Zu Mozarts letzten Stücken und Vermächtnis gehört sein Klarinettenkonzert, das im werklichen Gegensatz zum Arriaga umso bekannter ist. Genauer gesagt, das Bassettklarinettenkonzert, hatte es Mozart für die längere, so im Tonumfang größere sowie mit nach vorne abgeknicktem Schallbecher und, ähnlich dem Bassetthorn, gebrochenem Mundstückverlauf für Anton Stadler konzipierte Klarinette geschrieben. Obwohl durch die HIP-Bewegung mittlerweile immer verbreiteter, ist das Instrument einem Großteil des Publikums dennoch nicht derart vertraut wie das Stück. Dafür stellte Nicola Boud, Gardiners langjährige Erste Klarinette und Solistin der Tour, ihre Replika ganz kurz vor.

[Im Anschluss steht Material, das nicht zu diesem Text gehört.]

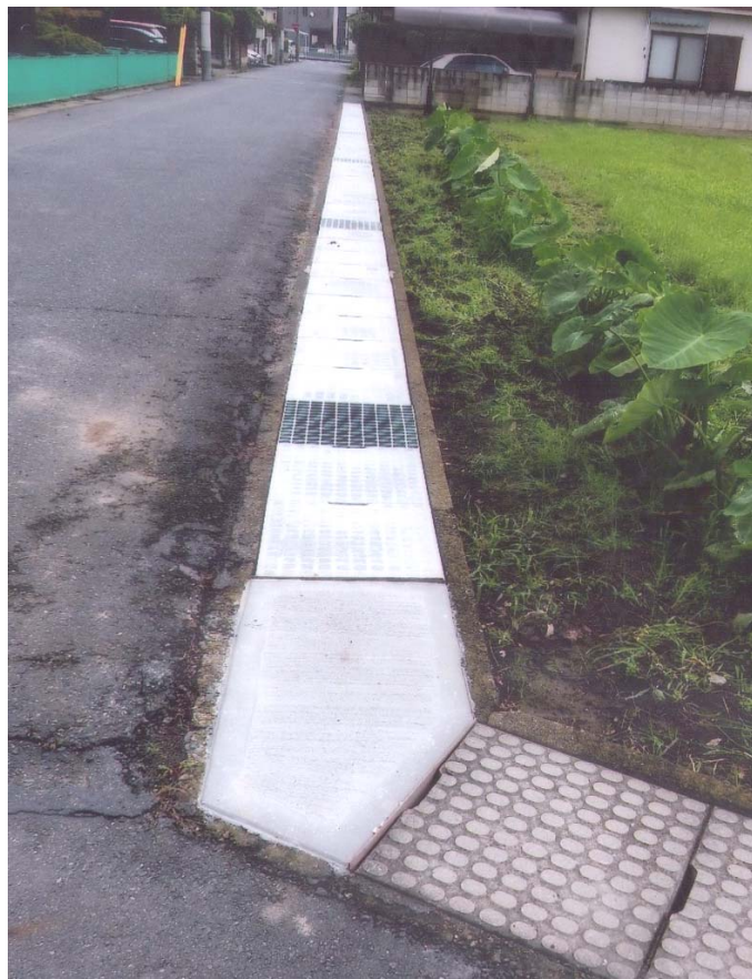
蓋が整備された「天川公園」南側道路の側溝

・埼玉県や秋田県では、すでに「AI」導入による「出会いの場」を提供して実効をあげている自治体もあることから、本市としても「AI」や相手を紹介するシステムを導入するなど、新たな事業展開を模索し、人口減少に歯止めをかける仕掛けも必要であると考えますが、見解を伺います。

Um sich danach mit faszinierender Ausleuchtung der Reichweite, ob in eleganten Oktavsprüngen oder virtuosen Läufen, der Klangwärme und Zartheitsstufen sowie mit hervorragend sensibler Dynamik, kantabler Phrasierung und Betonungsenergie in die Herzen der Zuhörer zu spielen. Nicht nur durch das Komplementär-Fagott, auch durch die insgesamt gemeinsam gefundene Sprache mit der kompletten Besetzung des Constellation Orchestra entstand eine mitgehende, eben abermals kontrastreiche, achtsame Einheit, die demonstrativ historische Mozart-Lebendigkeit ins Heute übersetzte und die emotionale Wirkung extrem verstärkte.
Die angesprochene Selbstverständlichkeit trat zudem in Haydns, von modulationsfülligen Lichtwechseln durchzogenen Symphonie Nr. 49 zutage, selbst wenn bei den Oboen, die in der Trio-Wiederholung zu fulminanten Verzierungsaugenzwinkern griffen, minimale hitzebedingte rhythmische Ungenauigkeiten zu beobachten waren. Schließlich reduzierte Gardiner bei allem aufrechterhaltenen, von dramatischer Rhetorik gezeichnetem Temperament und vollem Einsatz des Orchesters das Vibrato der – pulttechnisch gleichbleibenden – Schrittmacher-Streicher im Verhältnis zum Arriaga (wie natürlich bei Mozart mit vibratoarmer Klarinette). Damit rollte ein intensiver, akzentuierter, epochal kräftiger Haydn-Sturm durch die Kirche, der Herzen von Veranstalter und Gästen sehnen ließ nach baldiger Wiederholung.